No plans to unlock more supply. No plans to get more gas to States that need it most. No plans to rein in a Victorian Government that denigrates emissions from gas despite its heavy reliance on brown coal. No plans to invest in renewable gas.

Australia needs more gas. For many an inconvenient truth. But nonetheless, the truth.

Just like we need a strong manufacturing sector that is globally competitive, encouraged to innovate and empowered to create jobs. Just like we need our critical minerals out of the ground, processed at home, and shipped overseas to fuel the clean energy transition and underpin our future prosperity.

All great things. Crucial things.

It’s just that the policy mechanisms to ensure these “future” strategies actually live up to their name, are limited and flawed.

Short term cash splashes and narrow tax credits won’t fix structural problems in the economy caused by poor policy settings.

But hey, as long as blue collar workers like the sound of the policies.

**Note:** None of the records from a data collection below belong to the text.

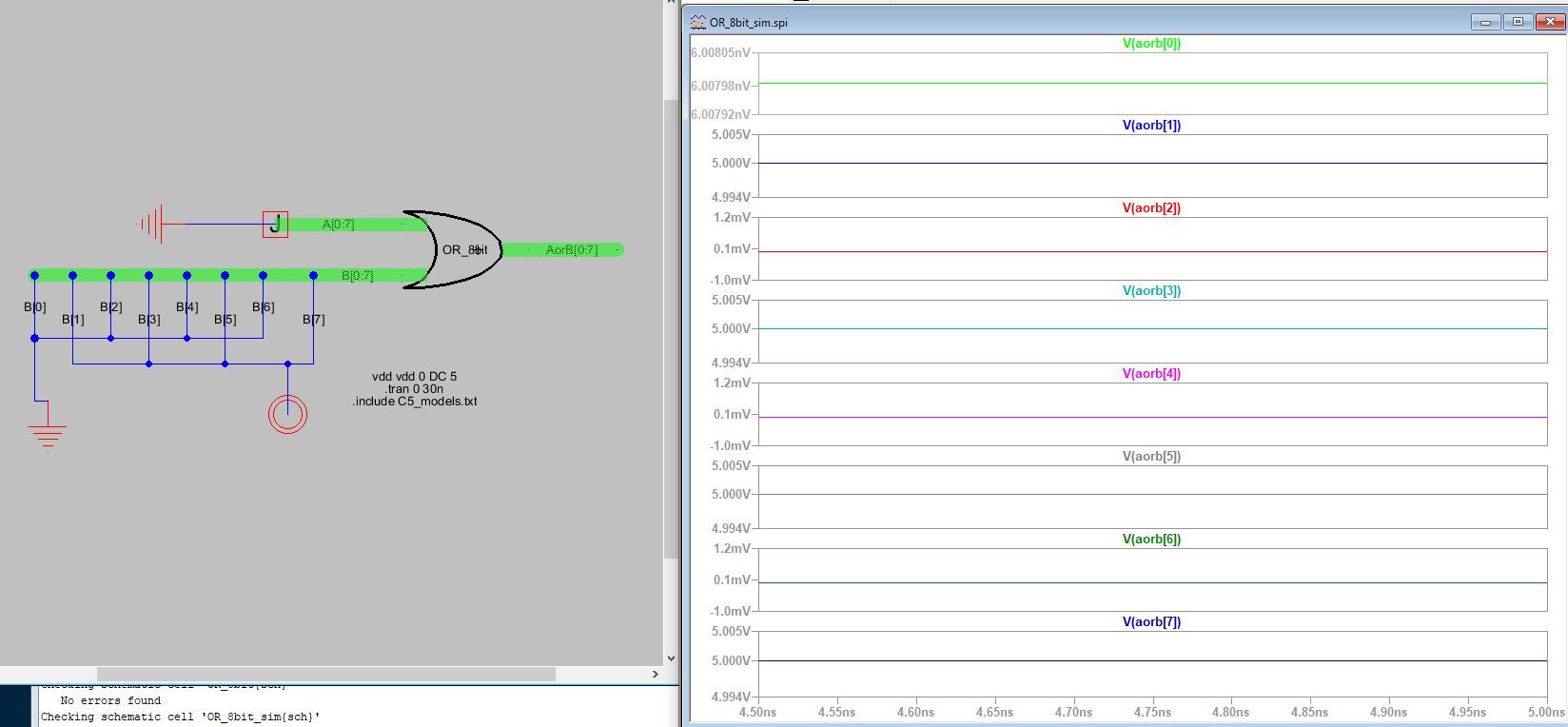 Figure 12. Simulating the logic of the 8-bit OR schematic using LTSpice.
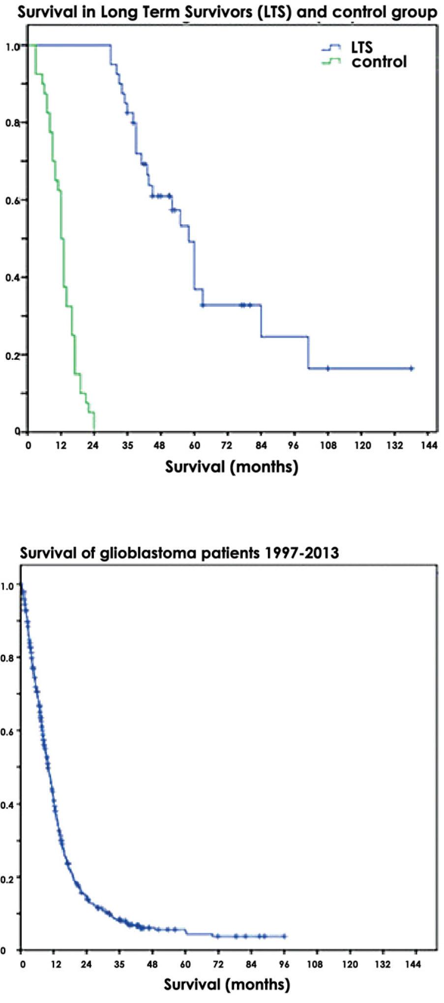 Treatment with surgery, conformal radiotherapy and chemotherapy led to modest improvement in the prognosis of patients with glioblastoma (GBM). In the past, surgery alone or combined with less precise techniques of radiotherapy led to median survival of 12 months and only about 20% of patients survived beyond 2 years.1,2 After introduction of modern tri-modality treatment, median survival extended to 14 months.3,4 For the majority of patients, however, the prognosis remains poor and long-term survival beyond 3 years after diagnosis is still rare.5
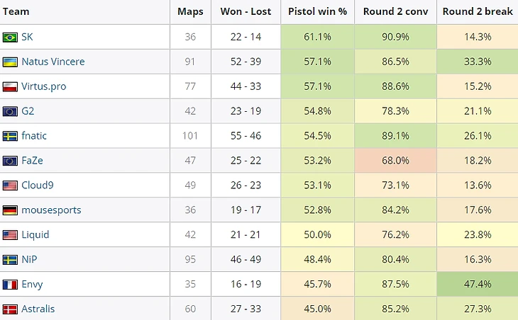 В защите сильнее всех на пистолетах остается SK Gaming. За всю историю мейджоров бразильцы выиграли 61% пистолетных раундов и не отдали 91% форс-баев соперников. Потрясающая статистика для мейджоров, на которых нередко срабатывают неполные закупки от соперников после проигранной пистолетки.
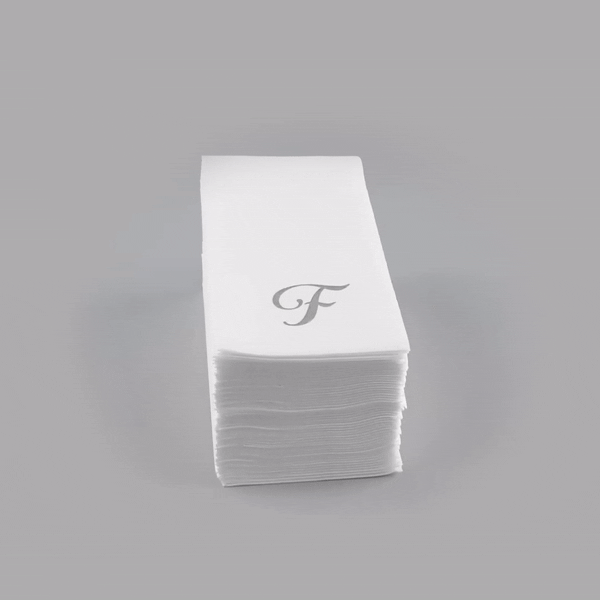 SILVER LETTER F PAPER LINEN-FEEL GUEST TOWEL/NAPKIN - CURSIVE FONT
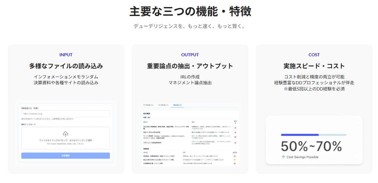 デューデリジェンスを、合理的なコストで、もっと速く、もっと賢く。
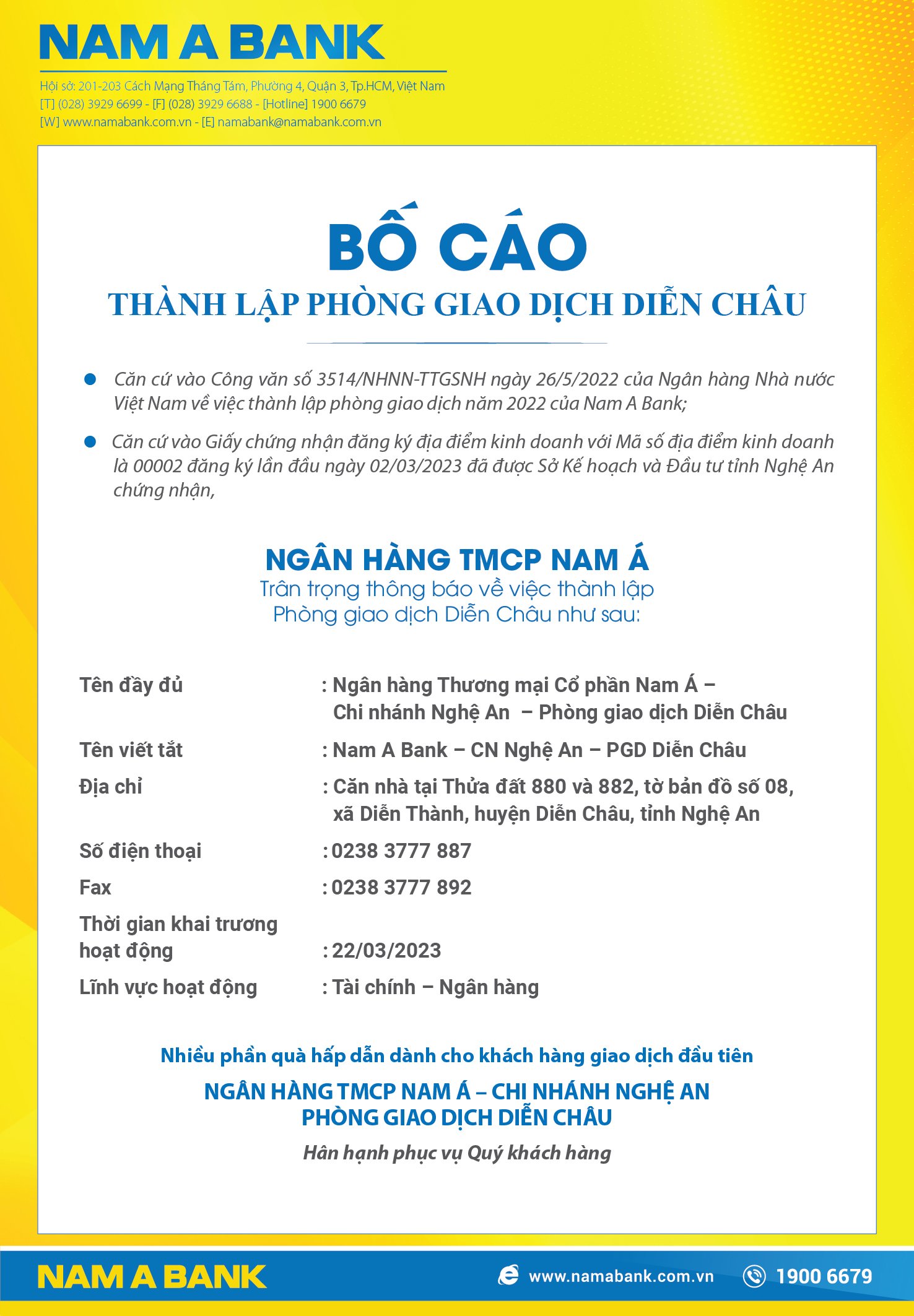 BỐ CAO KHAI TRƯƠNG PHÒNG GIAO DỊCH DIỄN CHÂU
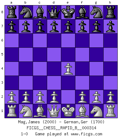 Last move : 1-0 2019 April 1 14:27:52 [Event "FICGS__CHESS__RAPID_B__000314"] [Site "FICGS"] [Date "2019.03.01"] [Round "1"] [White "Mag,James"] [Black "German,Ger"] [Result "1-0"] [WhiteElo "2000"] [BlackElo "1700"] 1.e4 1-0 This chess game has been lost on time (started : 2019.03.01 20:0:28) King's pawn Opening Player White won this chess game. Follow this game move after move (download)The chessboard is the world, the pieces are the phenomena of the Universe, the rules of the game are what we call the laws of Nature and the player on the other side is hidden from us. (Thomas Huxley) Der Umstand, daß uns eine 7 Stunden Zeitkontrolle ermöglicht eine großartige, tiefe Partie zu spielen, ist für die Massenmedien nicht weiter von Bedeutung. (Alexej Shirov) Después de la respuesta de las negras a 1.e4 con 1..e5, se quedan siempre tratando de entrar dentro del juego. (Howard Staunton) Vous n'êtes pas toujours obligé de jouer le meilleur coup. Un coup doit être actif, entreprenant, correct et beau ! (David Bronstein) The right perception of any matter and a misunderstanding of the same matter do not wholly exclude each other. (Kafka's the trial)
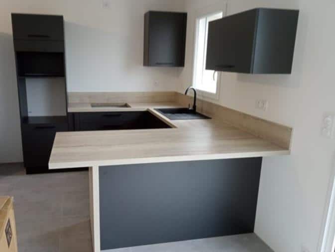 Cette cuisine en U allie élégance et fonctionnalité dans un espace optimisé, parfait pour une utilisation quotidienne et des moments de convivialité. La couleur sombre des meubles bas crée un contraste saisissant avec le plan de travail en bois clair, apportant à la fois modernité et chaleur à l’ensemble. L’organisation en U permet une circulation fluide tout en offrant de nombreuses zones de rangement et de travail.
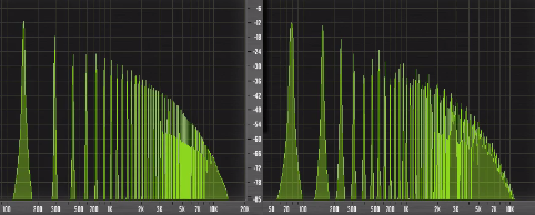 Imponer una respuesta de tipo ‘peine’ sobre la regularidad extrema de la caída progresiva de los armónicos en un diente filtrado es una forma de recuperar una mayor riqueza y variedad. Sin ser tan agradablemente caótica como la distribución de los realces que veíamos en el violín, la imposición de una respuesta en peine sí nos permite evitar la caída monótona de nivel de los armónicos en el diente. Introduce realcen y valles que, en su justa medida, llegan a resultar agradables.
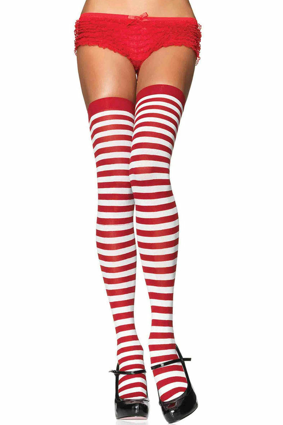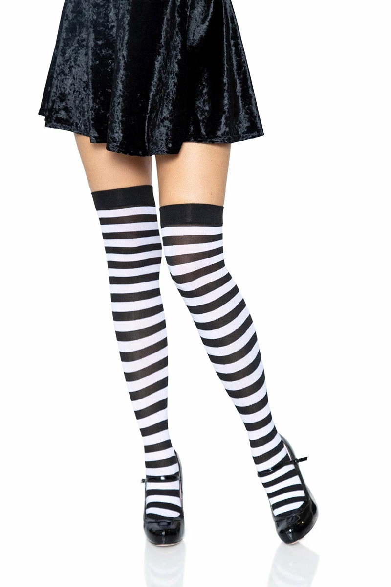 Be the Queen of Halloween in these sexy striped stockings. Slip these goth tights under a mini skirt or pair of shorts to add a spoonful of spook to your look. Featuring statement stripes of various colors to tease and please!
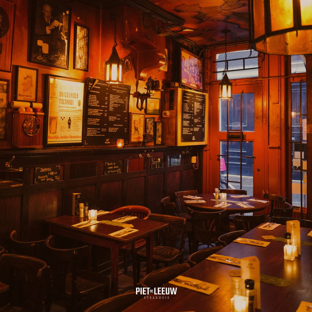 Piet de Leeuw, het gezelligste steakhuis in het centrum van Amsterdam. Heerlijk eten in een authentiek interieur.
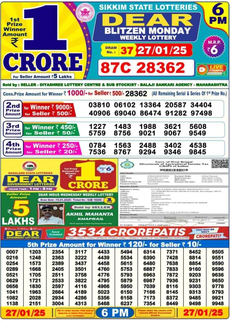 Nagaland State Lottery Monday, 27 January, 2025: The results of Nagaland State Lottery DEAR DWARKA MORNING 1 PM, BLITZEN DAY 6 PM, DEAR FINCH EVENING 8 PM weekly lottery will be declared today i.e. Monday, at 1 PM, 6 PM and 8 PM respectively. To view the list of winners, scroll down.
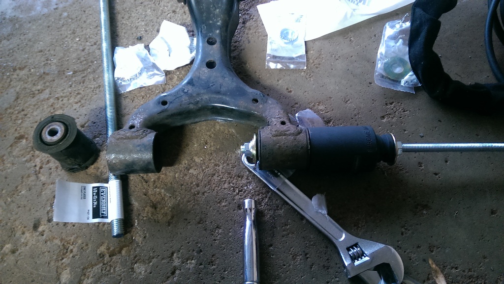 I wasnt going to do poly bushings at this time. But since I started to melt the lower rears when trying to get the knuckle off, I kind of have to . So the ole allthread and washer technique.
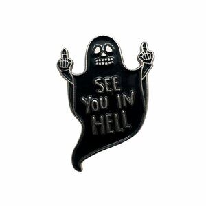 See You In Hell Enamel Brooch Pin Middle Finger Ghost Halloween Horror Goth Pins Buttons Badges
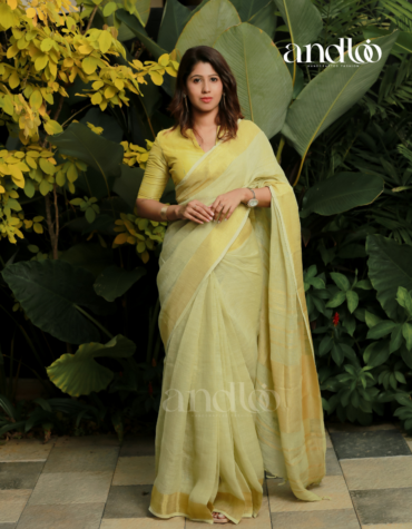 Yellow Pure Linen Saree
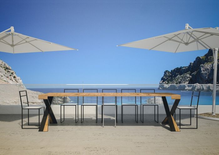 Het heeft een X-vormige ijzeren structuur en een solide en stevig blad.

They didn’t like the sound of Chris Bowen’s fuel efficiency standards that would render a Ford Ranger extinct. It’s why you don’t hear about it anymore.

And they certainly didn’t didn’t like the sound of the Government’s Nature Positive policy. It’s why it was shelved.

The world is suddenly their oyster. A red carpet, rolled out for blue collars.

Name your price and your policy. Because the Government is clearly willing to pay.

Andrew Carswell is a former Morrison government political strategist.